§ How to complete this task
Output only the lines that run from the line holding "O documento descreve" to the end of the entries, both ends included, and skip the pictures.

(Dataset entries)
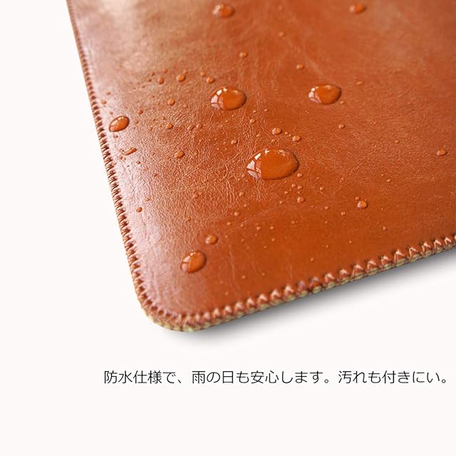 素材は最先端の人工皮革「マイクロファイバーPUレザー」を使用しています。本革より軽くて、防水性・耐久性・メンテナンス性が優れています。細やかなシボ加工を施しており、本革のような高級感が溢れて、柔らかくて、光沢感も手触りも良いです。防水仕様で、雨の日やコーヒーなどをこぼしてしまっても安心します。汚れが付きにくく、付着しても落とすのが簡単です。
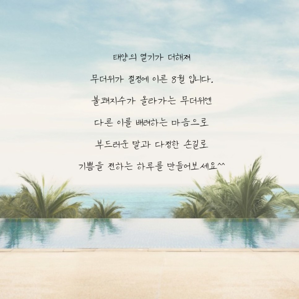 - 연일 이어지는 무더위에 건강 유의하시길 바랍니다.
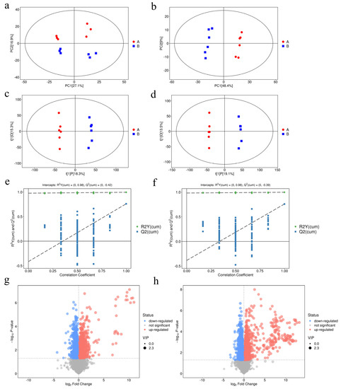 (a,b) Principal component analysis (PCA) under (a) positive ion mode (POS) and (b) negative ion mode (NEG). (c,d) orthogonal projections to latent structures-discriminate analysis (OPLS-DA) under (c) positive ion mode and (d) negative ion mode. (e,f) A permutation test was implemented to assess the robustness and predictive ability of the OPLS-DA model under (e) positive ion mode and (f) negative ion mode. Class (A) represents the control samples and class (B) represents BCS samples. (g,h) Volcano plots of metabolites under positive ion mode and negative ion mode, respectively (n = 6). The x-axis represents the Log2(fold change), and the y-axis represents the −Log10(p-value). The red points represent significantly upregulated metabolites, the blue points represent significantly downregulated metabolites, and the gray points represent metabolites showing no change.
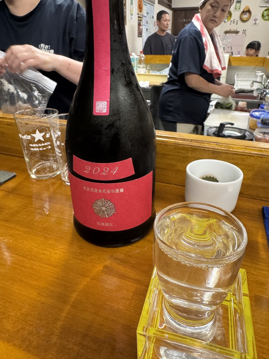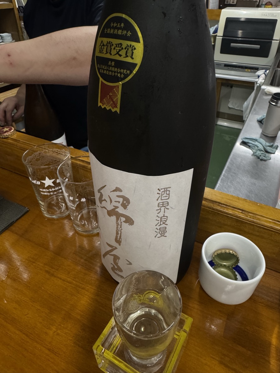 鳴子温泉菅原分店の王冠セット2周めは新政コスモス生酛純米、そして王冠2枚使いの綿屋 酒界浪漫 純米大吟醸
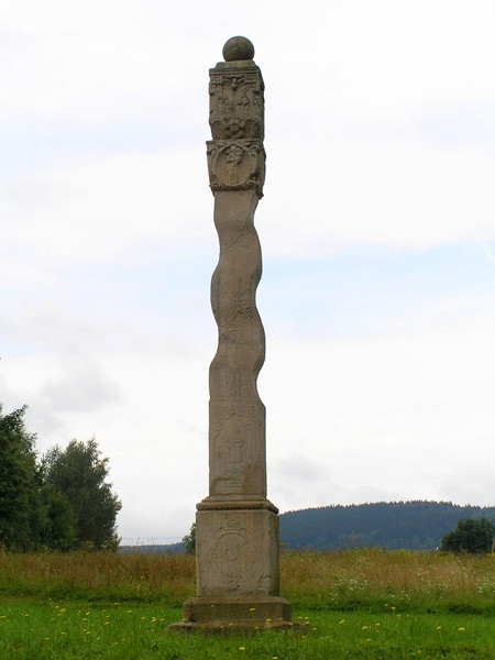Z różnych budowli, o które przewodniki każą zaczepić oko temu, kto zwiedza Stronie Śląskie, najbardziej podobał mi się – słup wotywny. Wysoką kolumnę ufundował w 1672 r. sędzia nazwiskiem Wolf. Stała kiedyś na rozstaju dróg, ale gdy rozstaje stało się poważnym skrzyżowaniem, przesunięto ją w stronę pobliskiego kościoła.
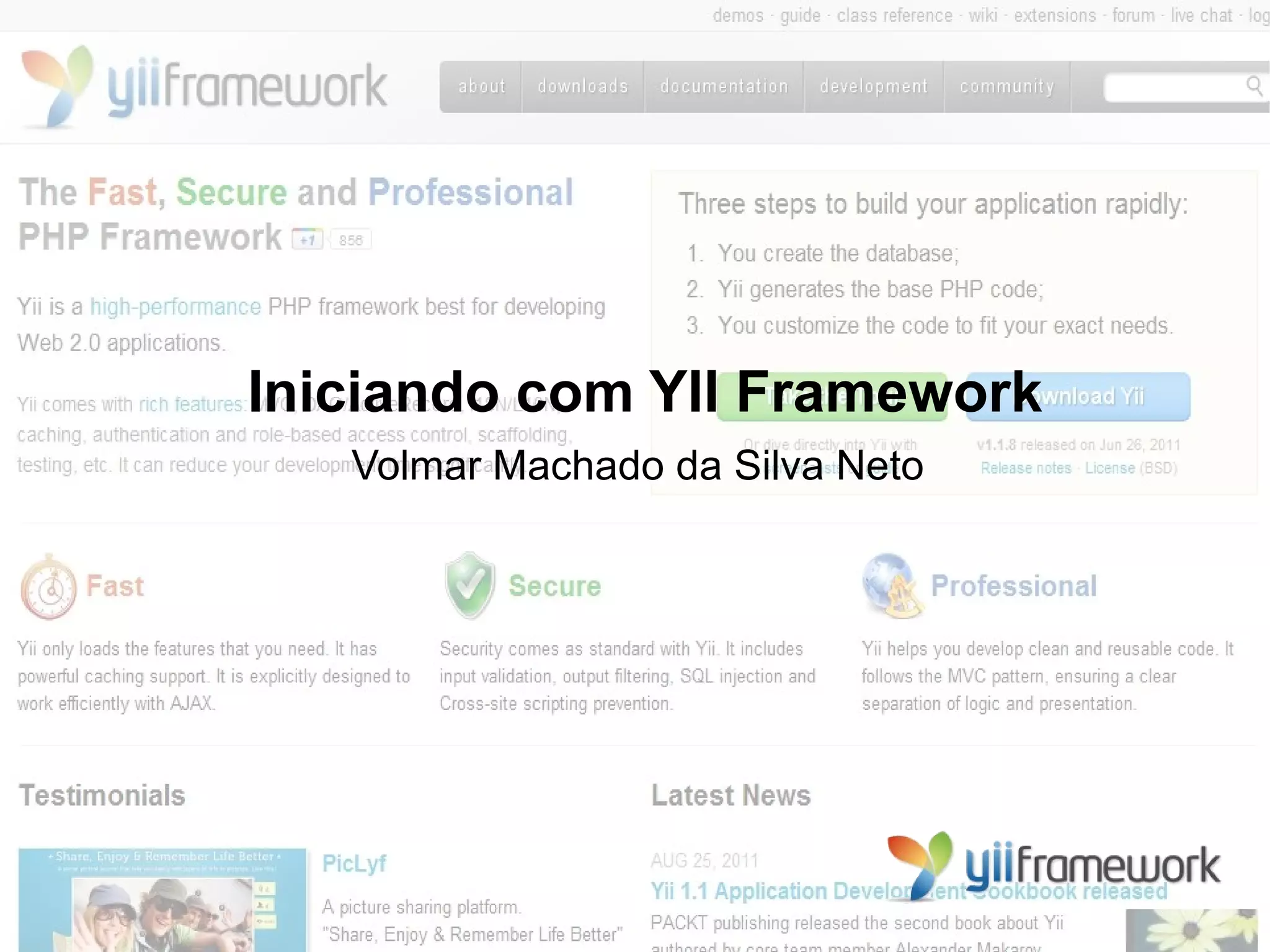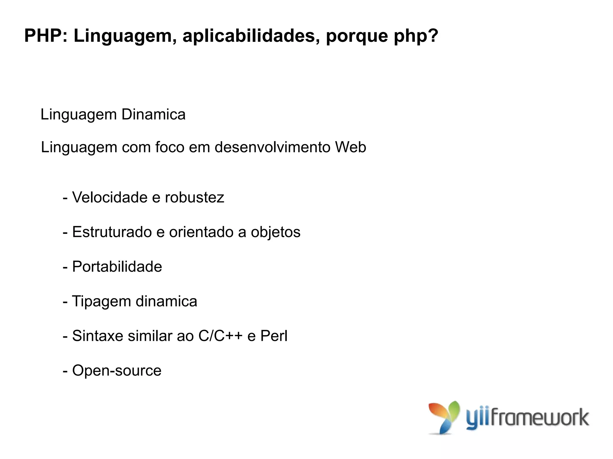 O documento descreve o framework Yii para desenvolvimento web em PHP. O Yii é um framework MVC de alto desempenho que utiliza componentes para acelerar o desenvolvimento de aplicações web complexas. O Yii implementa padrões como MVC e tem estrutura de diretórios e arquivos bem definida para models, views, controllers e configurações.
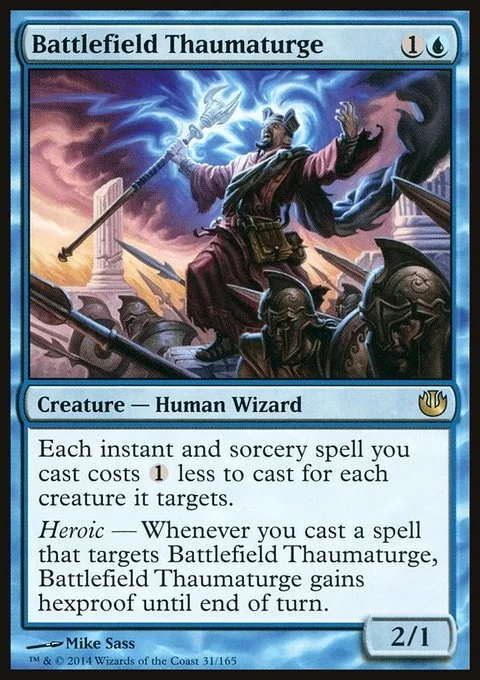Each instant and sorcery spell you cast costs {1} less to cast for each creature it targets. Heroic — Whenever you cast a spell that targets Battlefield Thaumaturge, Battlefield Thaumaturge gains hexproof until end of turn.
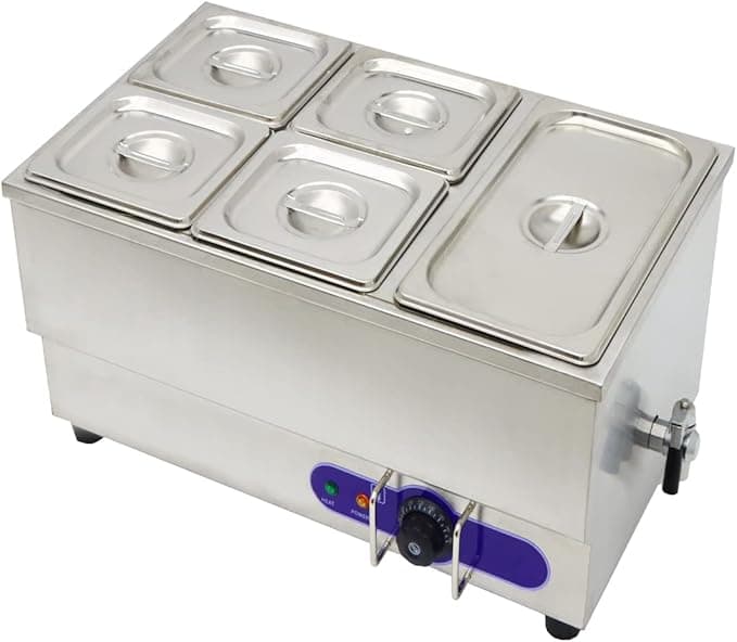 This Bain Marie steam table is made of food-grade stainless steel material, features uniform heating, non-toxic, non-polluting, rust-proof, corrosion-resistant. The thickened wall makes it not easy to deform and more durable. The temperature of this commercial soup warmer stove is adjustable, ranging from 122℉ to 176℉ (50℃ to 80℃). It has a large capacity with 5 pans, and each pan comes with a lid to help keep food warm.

§ Answer space
 O documento descreve o framework Yii para desenvolvimento web em PHP. O Yii é um framework MVC de alto desempenho que utiliza componentes para acelerar o desenvolvimento de aplicações web complexas. O Yii implementa padrões como MVC e tem estrutura de diretórios e arquivos bem definida para models, views, controllers e configurações.
Each instant and sorcery spell you cast costs {1} less to cast for each creature it targets. Heroic — Whenever you cast a spell that targets Battlefield Thaumaturge, Battlefield Thaumaturge gains hexproof until end of turn.
 This Bain Marie steam table is made of food-grade stainless steel material, features uniform heating, non-toxic, non-polluting, rust-proof, corrosion-resistant. The thickened wall makes it not easy to deform and more durable. The temperature of this commercial soup warmer stove is adjustable, ranging from 122℉ to 176℉ (50℃ to 80℃). It has a large capacity with 5 pans, and each pan comes with a lid to help keep food warm.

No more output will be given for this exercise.